While traditional pivot table report tools like Excel or PowerPivot provide a number of instruments to accomplish the above, the web report should be more robust to meet expectations and usability of common users. From manager to CIO, web pivot table reports should be a straight and easy self-service reporting tool to answer questions with little (or better without) any lengthy trainings or education.

But how extensive such report should be? Whether to include highly prepared and ETLed data or leave end-user with as many as possible dimensions and values to select from and dice? We recommend the following 3 practices for a web pivot report that will bring more value than traditional tables or dashboards, published on the web.

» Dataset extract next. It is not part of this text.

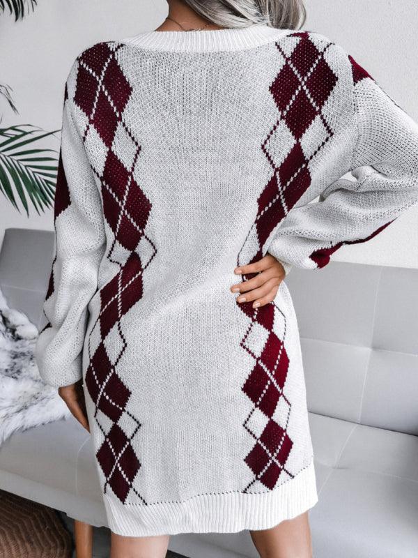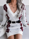 Deze stijlvolle mini jurk met V-hals en ruitpatroon biedt een comfortabele pasvorm voor gezellige uitjes. Ideaal voor casual bijeenkomsten of een stijlvolle avond, met een warme en trendy uitstraling.

Prepare correct data source
A somewhat common, yet crucial thing. You might have a number of data sources to take initial data from, but selecting the one to report on is important for end user to see a direct value. For example, a SCRUM development team effectiveness can be measured with number of “burned down” tasks. Once loaded into web pivot report, these can be analysed versus time period, actual billable hours or particular development teams or even diced for individual developers performance.

With the latest arising trend of big data and textual analytics, the ETL phase becomes more important than ever. Strive to eliminate any duplicates whether they are in values or dimensions. We will not cover all ETL topics in a small post, however, this is an important practice to take care of. The more prepared data source will be, the higher benefit it would give to end users.

Fight for compact and visible report
Once the data source is prepared, consider the initial report that will be presented to users. It’s definitely known that they would modify it and save different configurations for various needs, however, they would still need a starting point. A concise and compact report should contain the most important value visible on the grid as well as dimensions that firmly establishes the context for user.

Put conditions to locate trends, opportunities or threats
Despite a raw list of figures would be more valuable than no information at all, it becomes more visible if any trends, opportunities or threats (e.g. critical number of fraud transactions can be important to start locating the reason) are marked in the report. Use pivot table conditional formatting to put specific value indicators. You can put couple of them as example for user to adjust or place his own ones.

A well-prepared and comprehensive report would be a good addition to a dashboard or analytics solution and can be far more valuable than traditional crosstab reports. However, everyone has their own experience, you are welcome to share your thoughts and best practices as well!